## Problem requirements:
Your output should be the lines below from the one with "BLACK POLKA DOT SILK VALENCIA DRESS" through the one with "Воскресенье, 18 февраля, 16:00.", copied exactly, pictures excluded.

## Data to examine:
* * * * * * *
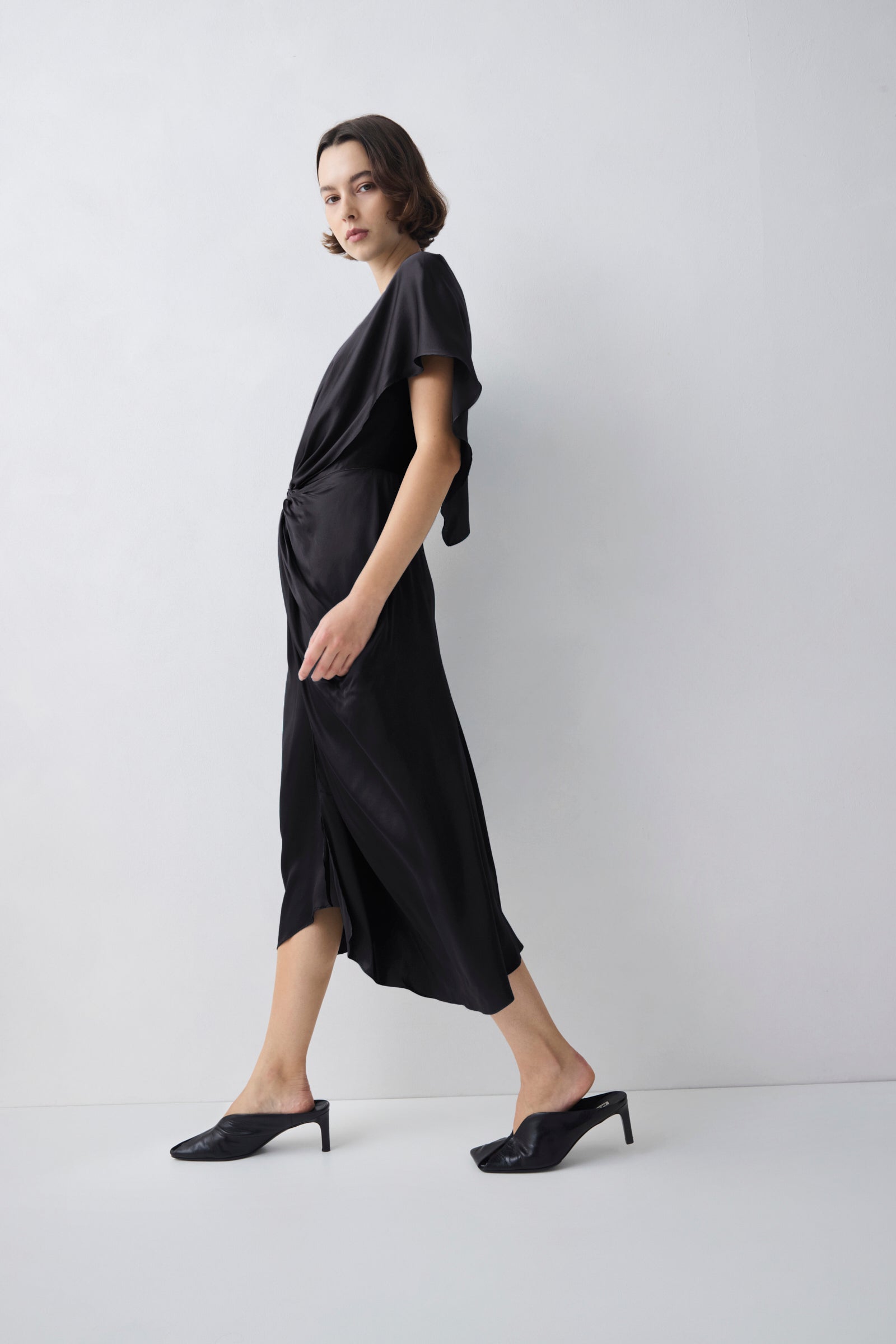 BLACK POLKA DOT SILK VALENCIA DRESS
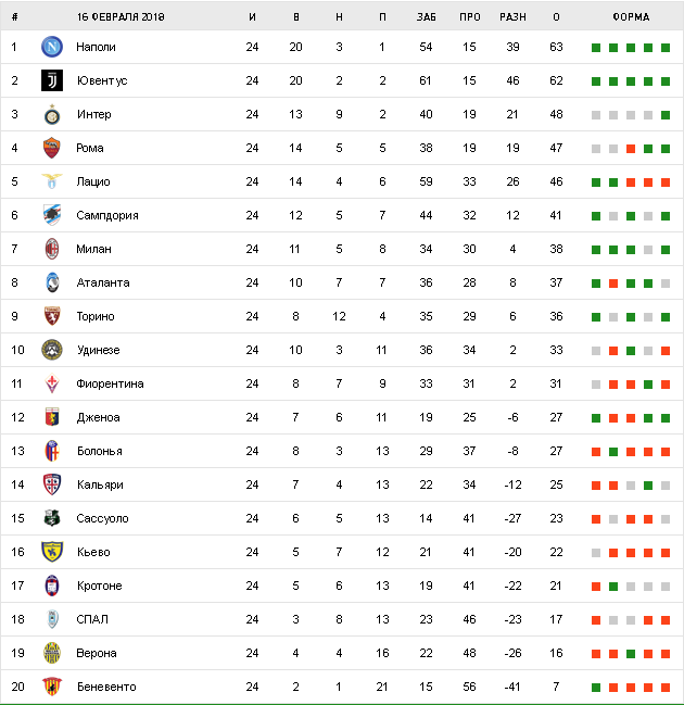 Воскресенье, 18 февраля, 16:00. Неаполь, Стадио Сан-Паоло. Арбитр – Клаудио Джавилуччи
* * * * * * *
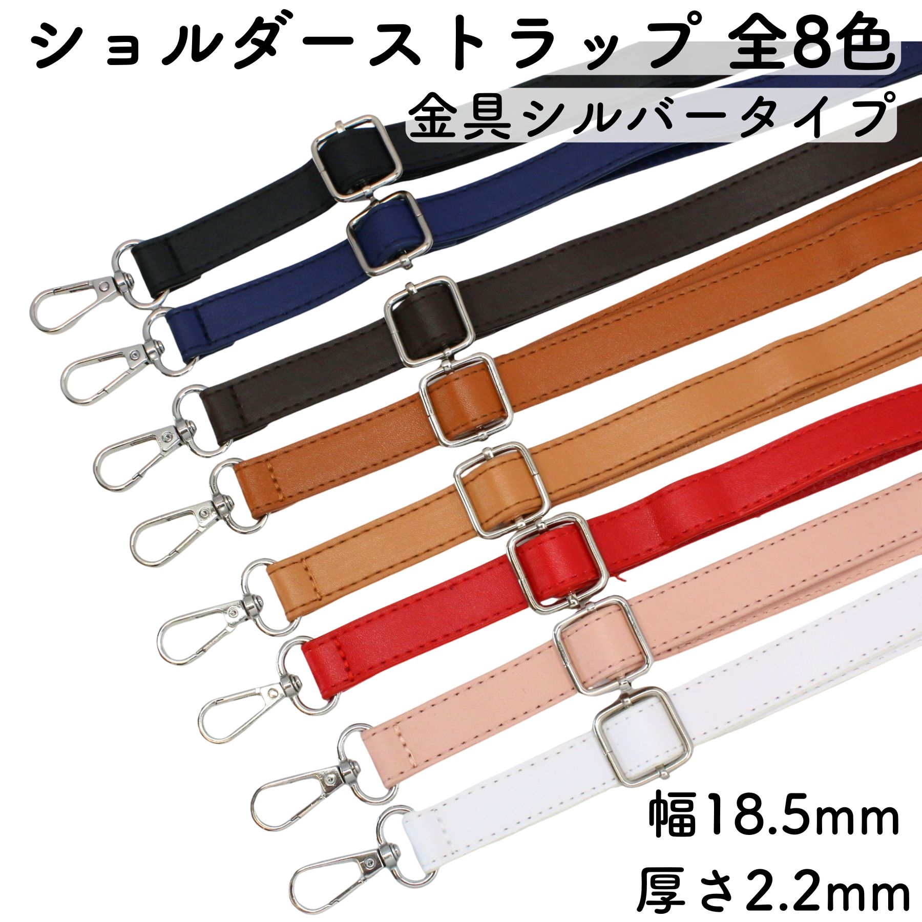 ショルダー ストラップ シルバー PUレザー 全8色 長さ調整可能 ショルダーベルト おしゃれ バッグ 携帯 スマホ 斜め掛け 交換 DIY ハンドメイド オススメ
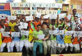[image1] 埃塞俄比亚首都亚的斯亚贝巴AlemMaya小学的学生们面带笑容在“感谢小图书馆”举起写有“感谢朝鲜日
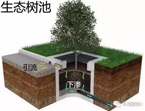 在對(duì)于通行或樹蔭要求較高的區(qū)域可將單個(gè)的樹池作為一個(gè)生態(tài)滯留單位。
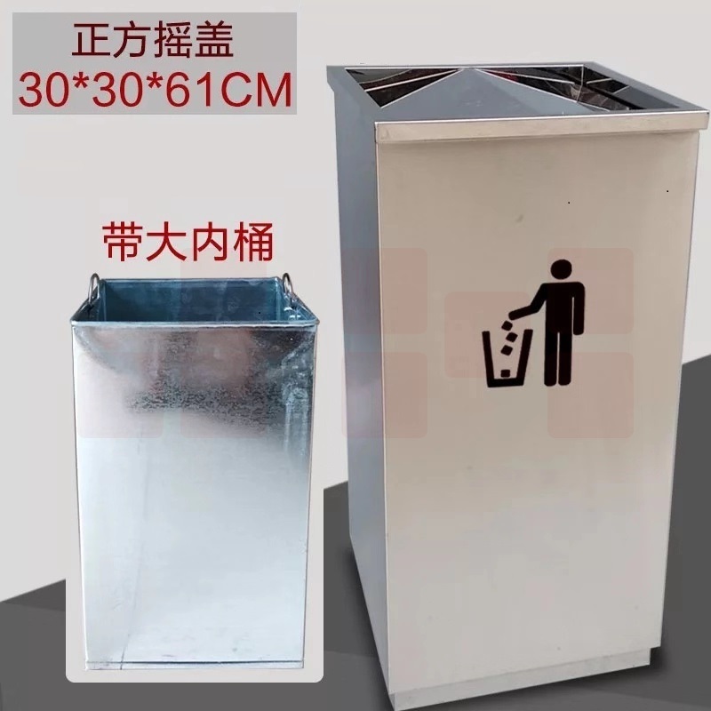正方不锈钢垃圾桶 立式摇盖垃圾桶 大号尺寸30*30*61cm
* * * * * * *
## Expected answer:
 BLACK POLKA DOT SILK VALENCIA DRESS
 Воскресенье, 18 февраля, 16:00. Неаполь, Стадио Сан-Паоло. Арбитр – Клаудио Джавилуччи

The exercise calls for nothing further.